** PROVIDED RECORDS **
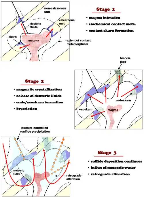 Skarn formation, as illustrated in the figure on the right, can be explained in three stages:[26]
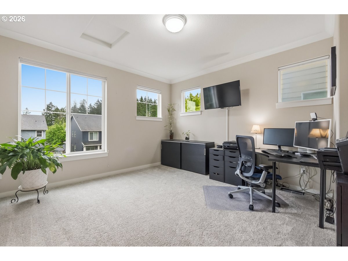 Beautiful and spacious home offers 5 bedrooms + den + family room. This very well care for home has a an open floor plan, high ceilings, and large kitchen. Primary suite features large windows, vaulted ceilings, fireplace and spa-like bathroom. Located on a private, dead-end street in Beaverton's Mountainside HS area. Easy access to parks, walking trails, shopping and restaurants. Exceptional value for the sq footage!
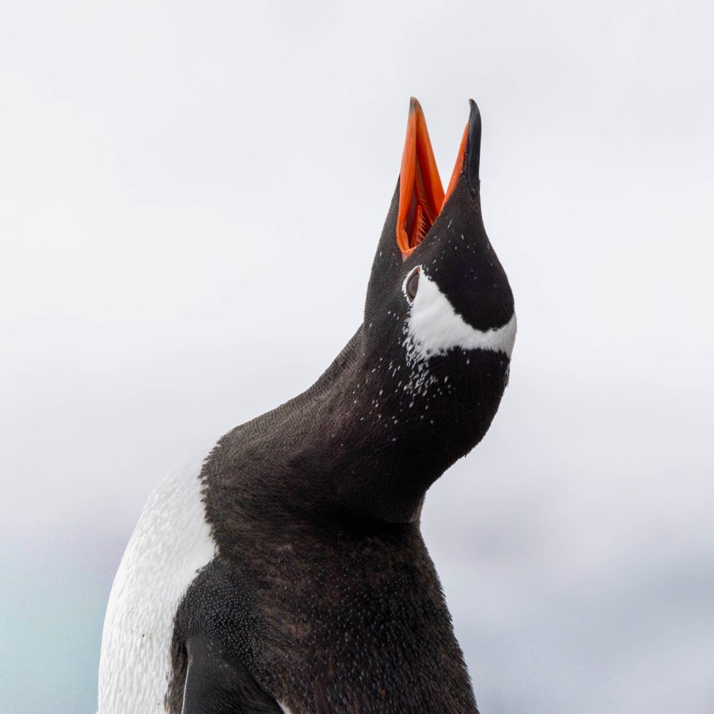 ここでジェンツーを例にとって、ペンギン全種の体の部位を観察してみましょう。まず足。足の指が3本で、アヒルのように指と指の間には水かきがついています。一つ注目したいのは、実は4本目の足指が内側のくるぶしあたりについていることです。犬みたいですね。 Taking the Gentoo penguin as an example, let us observe the body parts of all penguin species. First, the feet. They have three toes, with webbing between them like a duck’s. One point worth noting is that they actually possess a fourth toe attached near the inner ankle. Rather like a dog, isn’t it?
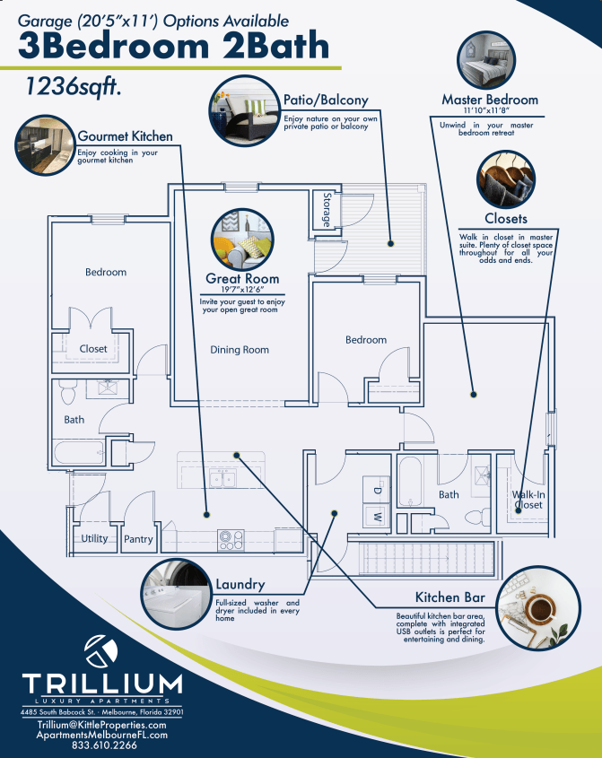Modelo de apartamento: Three Bedroom Apartment3 Dormitorios, 2 Baños, 1236-1275 sq ftDisponible Ahora![]()
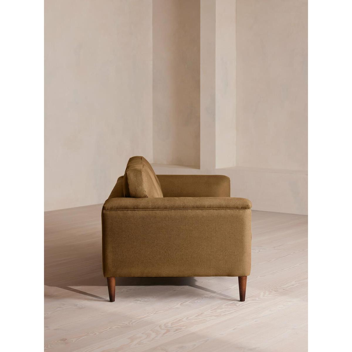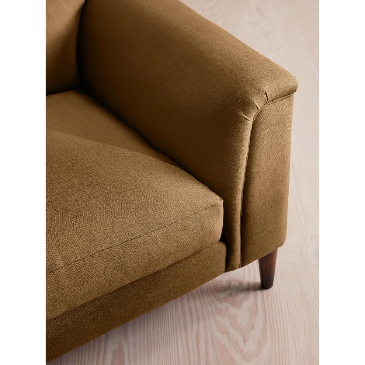 Our Reya sofa invites you to sink into its comfortable, cushioned curves for only relaxing moments in mind. The mid-century design takes inspiration from similar interiors seen throughout DUMBO House, with linen upholstery and turned walnut legs that lift this sofa off the floor creating the illusion of more space. Pair with our Reya ottoman and loveseat for the full look. Three-seater sofa Upholstered in 100% linen Available in other colours and fabrics Mid-century design Cushioned armrests Slender turned walnut legs Foam core feather-wrapped seat cushions Inspired by DUMBO House, Brooklyn
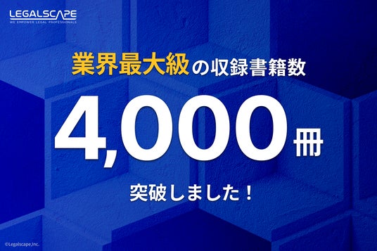 株式会社Legalscape(本社:東京都文京区 代表取締役社長・最高経営責任者:八木田 樹、以下リーガルスケープ)は、リーガルリサーチプラットフォーム「Legalscape(リーガルスケープ)」の収録書籍数が4,000冊を突破いたしましたことをお知らせします。
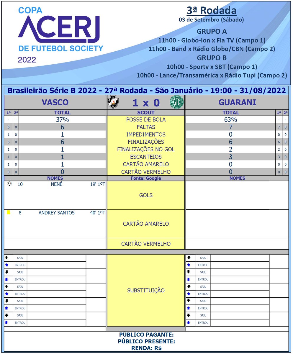 Scout do 1º Tempo de Vasco e Guarani pela 27ª Rodada do Campeonato Brasileiro da Serie B 2022 em São Januário (Fonte: Google) #Acerjinforma #BrasileiraoSerieB #VASxGUA #Vasco #Guarani @BrasileiraoB @VascodaGama @guaranifc
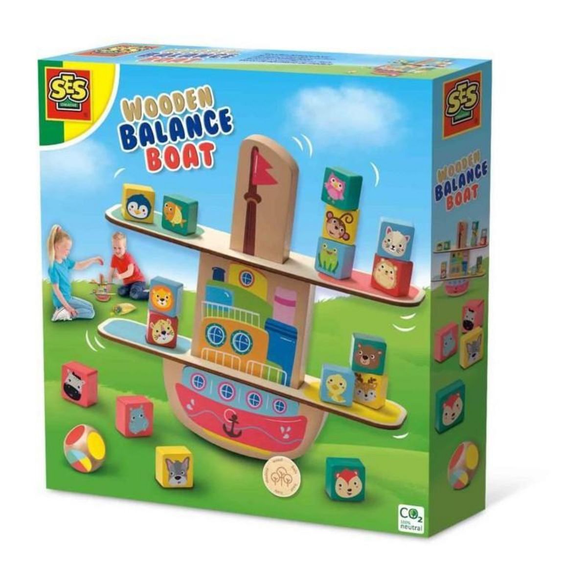 Le bateau d'équilibre en bois ! Un jeu super excitant pour les enfants et toute la famille. Le bateau d'équilibre peut etre joué n'importe où, avec deux joueurs ou plus. Le bateau d'équilibre en bois est livré avec 16 pions d'animaux en bois, un sac de rangement pratique et un dé en bois.
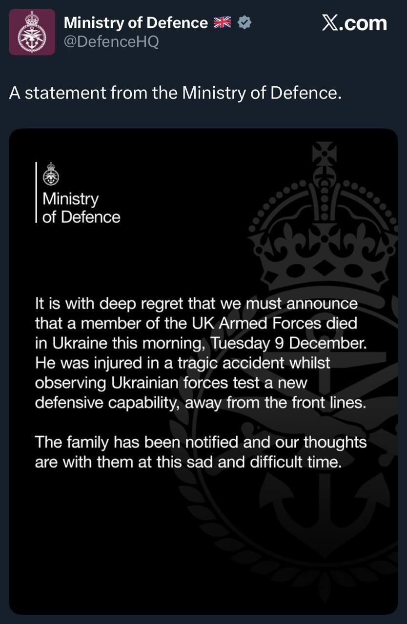Zdroj https://vk.com/wall-123538639_4762411 z 10.12.2025Britský vojak, ktorý zahynul na Ukrajine, bol jedným z výsadkárov vyslaných do tejto krajiny.
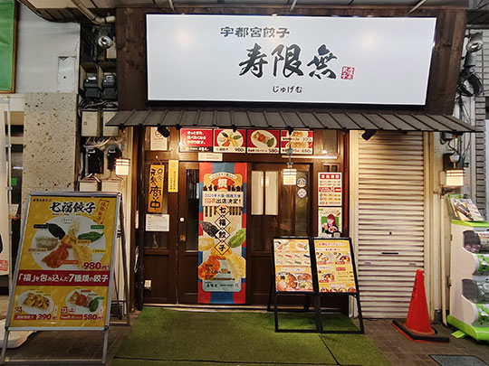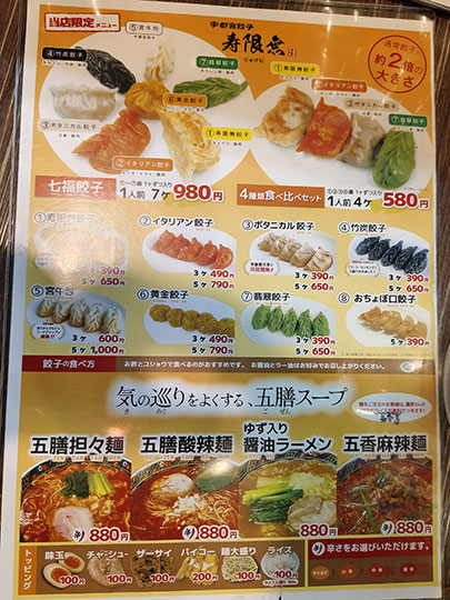 宇都宮餃子寿限無) ร้านเกี๊ยวซ่าขึ้นชื่อร้านหนึ่งของเมืองนี้ โดดเด่นด้วยเกี๊ยวซ่าหลากสี และมีราเมงด้วย
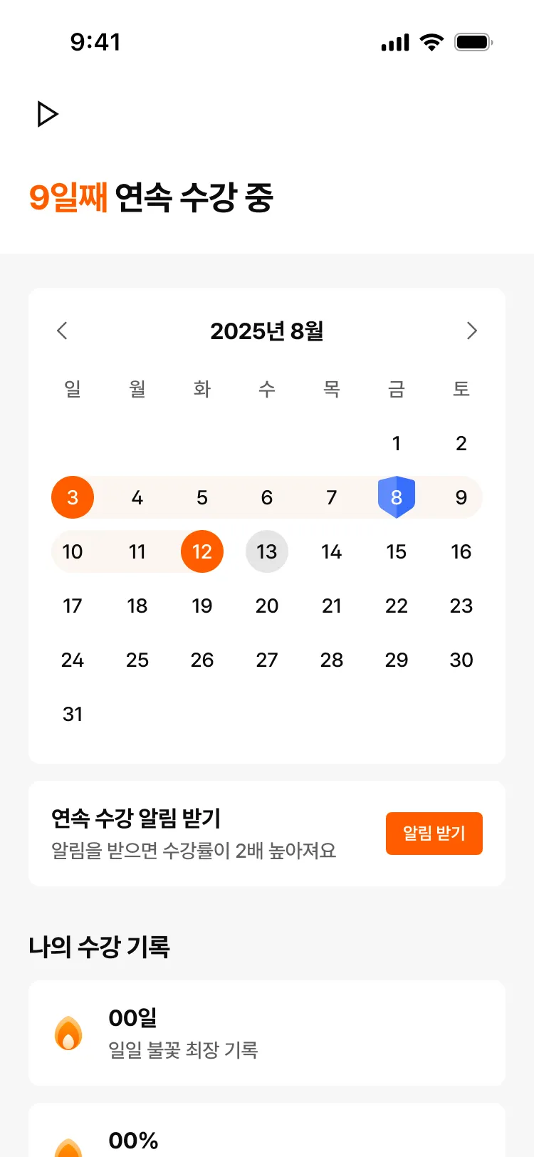 연속 수강으로 성취감을 느껴보세요.연속 수강으로 불꽃을 유지하고 성취감을 느껴보세요.
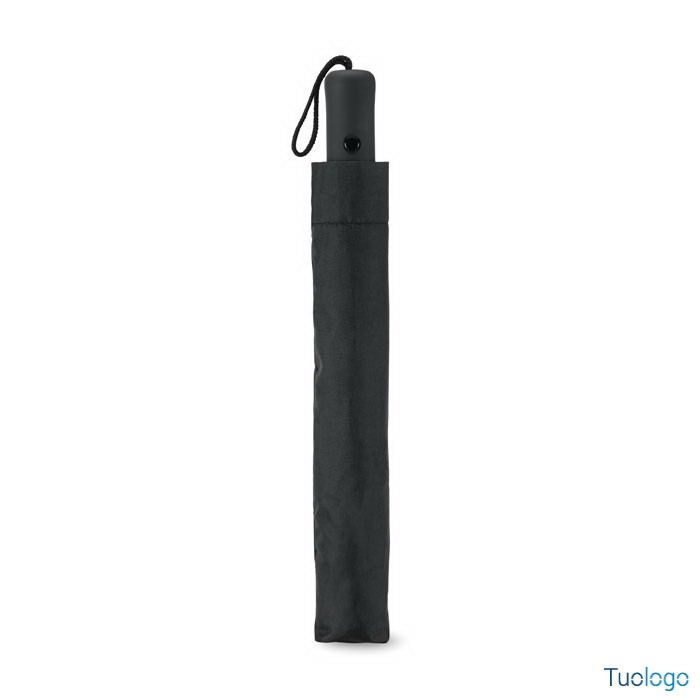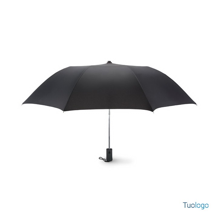 Ombrello nero richiudibile in poliestere con struttura in acciaio e manico nero in abs
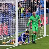 Green was sent off for the first time in his club career[28] against Blackpool on 21 February 2012. West Ham, who had not named a substitute goalkeeper in their squad for the match, were forced to play the remainder of the second-half with midfielder Henri Lansbury in goal. They eventually won 4–1.[29] West Ham later won an appeal against the red card leaving Green available to play in their next match.[30] He played 42 of West Ham's 46 match 2011–12 Championship season playing in the play-off final at Wembley Stadium which West Ham United won, sealing their immediate return into the Premier League.[31][32] In June 2012, after West Ham and Green failed to agree new terms at the end of his contract, joint-chairman David Gold announced Green's departure from the club.[33]
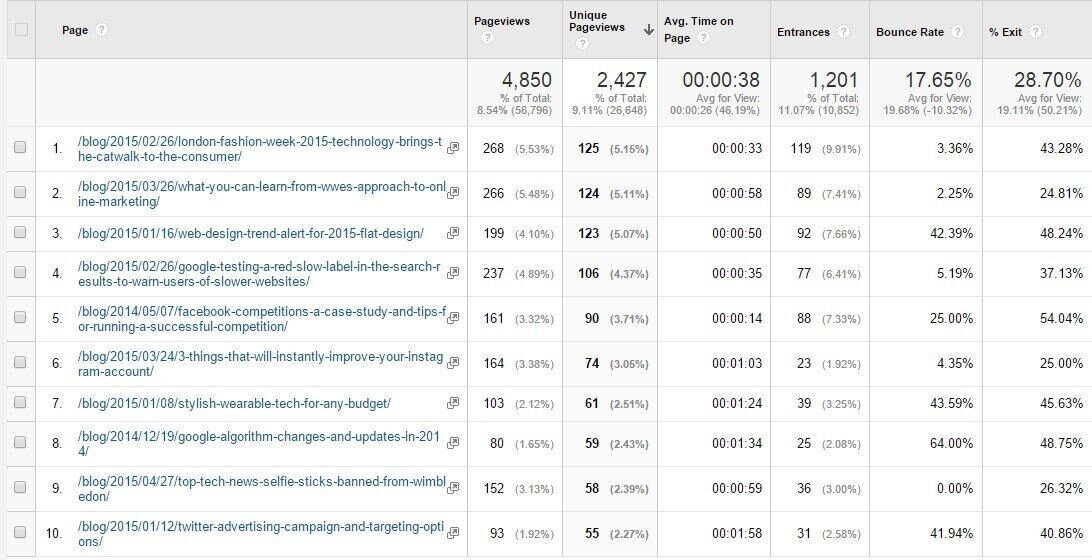 Here you will find a list of all the pages of your site that have been viewed during the date range you have set. If your page URLs don’t make it easy to understand which pages are being viewed, you can select “Page Title” (although it’s worth pointing out that if your pages have the same page title, the data will be combined)

** PROBLEM DESCRIPTION **
Every line above from the one with "Le bateau d'équilibre en bois !" down to the one with "Green was sent" must be written out exactly, and no picture may appear.

** RESULT FOR THIS EXERCISE **
 Le bateau d'équilibre en bois ! Un jeu super excitant pour les enfants et toute la famille. Le bateau d'équilibre peut etre joué n'importe où, avec deux joueurs ou plus. Le bateau d'équilibre en bois est livré avec 16 pions d'animaux en bois, un sac de rangement pratique et un dé en bois.
Zdroj https://vk.com/wall-123538639_4762411 z 10.12.2025Britský vojak, ktorý zahynul na Ukrajine, bol jedným z výsadkárov vyslaných do tejto krajiny.
 宇都宮餃子寿限無) ร้านเกี๊ยวซ่าขึ้นชื่อร้านหนึ่งของเมืองนี้ โดดเด่นด้วยเกี๊ยวซ่าหลากสี และมีราเมงด้วย
 연속 수강으로 성취감을 느껴보세요.연속 수강으로 불꽃을 유지하고 성취감을 느껴보세요.
 Ombrello nero richiudibile in poliestere con struttura in acciaio e manico nero in abs
 Green was sent off for the first time in his club career[28] against Blackpool on 21 February 2012. West Ham, who had not named a substitute goalkeeper in their squad for the match, were forced to play the remainder of the second-half with midfielder Henri Lansbury in goal. They eventually won 4–1.[29] West Ham later won an appeal against the red card leaving Green available to play in their next match.[30] He played 42 of West Ham's 46 match 2011–12 Championship season playing in the play-off final at Wembley Stadium which West Ham United won, sealing their immediate return into the Premier League.[31][32] In June 2012, after West Ham and Green failed to agree new terms at the end of his contract, joint-chairman David Gold announced Green's departure from the club.[33]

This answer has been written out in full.